She did not blink, even as his fist drove into her face and broke her nose, but her hands moved slightly, wanting to protect her face.

Now his voice was angry. "You said you weren't going to try to stop me, Cassandra. You promised." His next blows were harder, and she sank to the floor beneath them, but she did not try to protect herself again. The blows stopped after only a few moments, and he waited for her to heal.

His voice sounded above her, dry and mocking. "Stand up, Cassandra. We're not finished yet."

* * *

Cassandra woke, but did not move. She lay limp in her bed, completely relaxed, her eyes closed. She was alone in her hotel room in Edinburgh. No one was touching her. Roland was not there. Duncan had killed him last month. Roland was dead; he could never hurt her again.

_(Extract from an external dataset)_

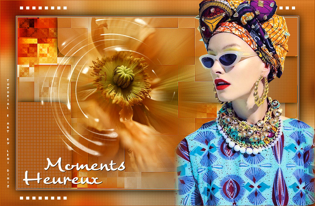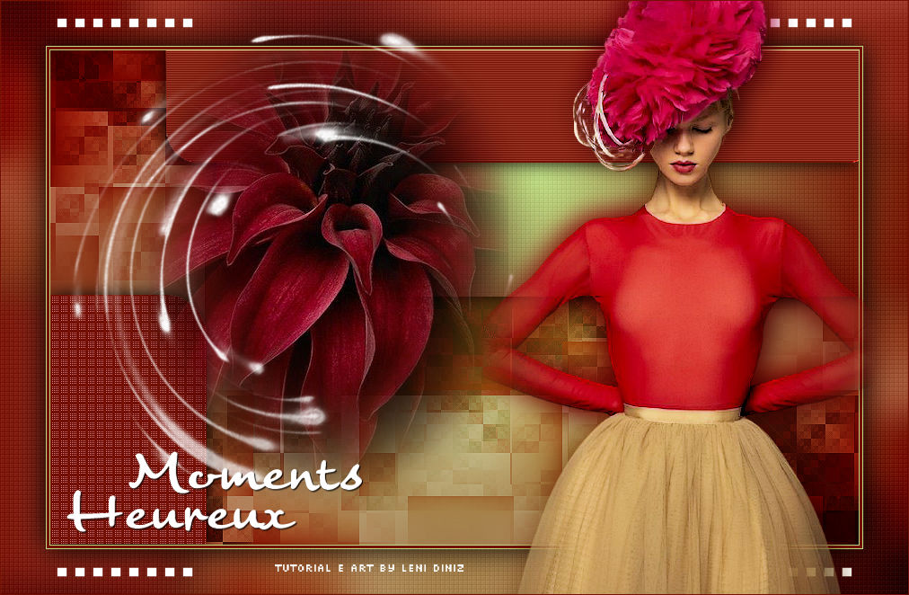33- Edit > Copy no decor_heureux_leni_2 Edit > Paste as New Layer. Ferramenta Pick Tool: Position X 70 - Position Y 50 Nota: Você pode posicionar sobre o misted que escolheu para que ambos fiquem posicionados em harmonia. 34- Edit > Copy no titulo_moments_heureux_leni. Edit > Paste as New Layer. Posicionar à sua escolha. Effects > 3D Effects > Drop Shadow à sua escolha. 35- Image > Add Borders > 1px - symmetric - color #751102 (Background cor escura) 36- Assine ou aplique a sua marca d'água. File > Export > JPG Optimizer.

The clock display read 4:38. She knew she would not be able to go back to sleep again. She never could, even when she was very tired. At least this dream had not been one of the bad ones.

She got out of bed and began her morning exercise routine of yoga, trying not to think as she moved through the asanas. She focused on her breathing, on holding the postures, on nothing. Then she went for her morning run, the cool air brisk and invigorating as she ran through the streets. No thoughts, no memories, just the steady sound of her feet on the pavement, the slight ache in her calves and her thighs as she ran the hills, the feel of the breeze on her face.

Back in her room, she washed her hair and showered quickly and efficiently, not lingering over that chore. She dried her hair, then sat naked on the floor in the lotus position and picked up her comb. Her hair was soft on her back and shoulders, and Connor's voice echoed in her mind from long ago. "I love the feel of your hair."

Roland had liked her hair, too. He had hacked it off with his knife in Aberdeen, over three and a half centuries ago. Then he had used her hair to strangle her. She had never let it grow to her waist again.

She stood abruptly and pulled on black jeans and a gray shirt, then turned on the television to the movie channel. She sat on the bed and jerked the comb through the tangles and braided her hair while she watched "Camelot." The movie was already more than half over. She liked television, especially these last ten years or so when there was always something on. There had been nights when she had left the television on just to listen to the static and to watch the monotonous patterns of snow on the screen.

Cassandra took some fruit and yogurt from the small refrigerator in the corner of the room and ate her breakfast while King Arthur watched his wife and his best friend betray him. When she was done eating, she turned the volume down, then checked her email on her laptop computer, hoping for messages from one or more of the five detective agencies she had hired. So far, all she had gotten was the name "Dexter Korvin" as a possible alias for Kronos, and the last reported sighting on him was in 1990.

This morning there were only two messages, both from the English detective agency. The first message said they had not yet found anything about a man with a scar down the right side of his face; the second said they needed more money.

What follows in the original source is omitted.